Authors Rohrbough J, Nguyen HN, Lamb FS
Submitted By Submitted Externally on 9/10/2018
Status Published
Journal The Journal of physiology
Year 2018
Date Published 9/1/2018
Volume : Pages 596 : 4091 - 4119
PubMed Reference 29917234
Abstract The ClC-3 2Cl- /1H+ exchanger modulates endosome pH and Cl- concentration. We
investigated the relationships between ClC-3-mediated ion transport
(steady-state transport current, ISS ), gating charge (Q) and cytoplasmic
alkalization. ClC-3 transport is functionally unidirectional. ClC-5 and ClC-3
display indistinguishable exchange ratios, but ClC-3 cycling is less
"efficient", as reflected by a large Q/ISS . An M531A mutation predicted to
increase water-wire stability and cytoplasmic proton supply improves efficiency.
Protonation (pH 5.0) of the outer glutamate gate (Gluext ; E224) reduces Q,
inhibits transport, and weakens coupling. Removal of the central tyrosine anion
gate (Y572S) greatly increases uncoupled anion current. Tyrosine -OH removal
(Y572F) alters anion selectivity and impairs coupling. E224 and Y572 act as
anion barriers, and contribute to gating. The Y572 side chain and -OH regulate Q
movement kinetics and voltage dependence. E224 and Y572 interact to create a
"closed" inner gate conformation that maintains coupling during cycling., We
utilized plasma membrane-localized ClC-3 to investigate relationships between
steady-state transport current (ISS ), gating charge (Q) movement, and
cytoplasmic alkalization rate. ClC-3 exhibited lower transport efficiency than
ClC-5, as reflected by a larger Q/ISS ratio, but an indistinguishable Cl- /H+
coupling ratio. External SCN- reduced H+ transport rate and uncoupled anion/H+
exchange by 80-90%. Removal of the external gating glutamate ("Gluext ") (E224A
mutation) reduced Q and abolished H+ transport. We hypothesized that Methionine
531 (M531) impedes "water wire" H+ transfer from the cytoplasm to E224.

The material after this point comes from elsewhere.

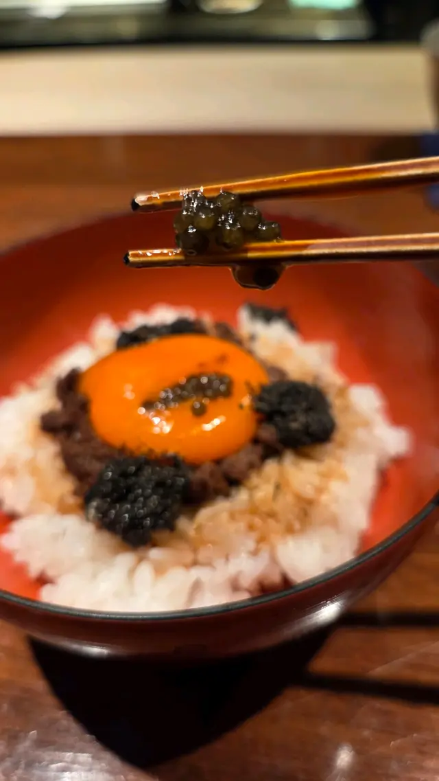 2. 燒免治雞月見蛋,這個免治雞很有咬口,因雞軟骨包含在內,令到整個質感很爽口,將雞串沾上鮮蛋黃,感覺很豐沃,很圓滿😊,只可惜個醬油有點鹹😄

Accordingly, an M531A mutation decreased the Q/ISS ratio by 50% and enhanced H+
transport. External protons (pH 5.0) inhibited ISS and markedly reduced Q while
shifting the Q-voltage (V) relationship positively. The Cl- /H+ coupling ratio
at pH 5.0 was significantly increased, consistent with externally protonated
Gluext adopting an outward/open position. Internal "anion gate" removal (Y572S)
dramatically increased ISS and impaired coupling, without slowing H+ transport
rate. Loss of both gates (Y572S/E224A) resulted in a large "open pore"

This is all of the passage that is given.